Membrane-bound delta-like 1 homolog (Dlk1) promotes while soluble Dlk1 inhibits myogenesis in C2C12 cells

• Soluble DLK1 inhibits myogenic cell differentiation.
• Membrane-bound DLK1 promotes hypertrophic muscle development.
• Genes affecting myogenesis are differently regulated by DLK1 isoforms.
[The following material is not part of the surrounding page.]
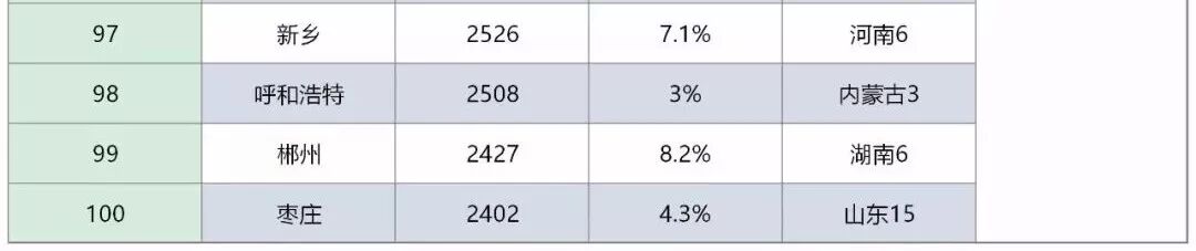 城市的头部化趋势难以阻挡。在2018年中国大陆城市GDP排行榜中,头部城市北上广深均在20000亿以上,而排名在97名-100名的城市:新乡、呼和浩特、郴州、枣庄等四个城市的GDP加起来才9863亿,低调的广东第三城佛山的数据为10550亿,超过四个城市之和。

• Regulation of DLK1 expression and cleavage is critical for muscle development.
• Abnormal muscle development in mouse UPD12 could be explained by our study.

Delta-like 1 homolog (Dlk1) is important in myogenesis. However, the roles of different Dlk1 isoforms have not been investigated. In C2C12 cell lines producing different Dlk1 isoforms, membrane-bound Dlk1 promoted the hypertrophic phenotype and a higher fusion rate, whereas soluble Dlk1 inhibited myotube formation. Inversed expression patterns of genes related to myogenic differentiation further support these phenotypic changes. In addition, temporal expression and balance between the Dlk1 isoforms have a regulatory role in myogenesis in vivo. Collectively, Dlk1 isoforms have distinctive effects on myogenesis, and its regulation during myogenesis is critical for normal muscle development.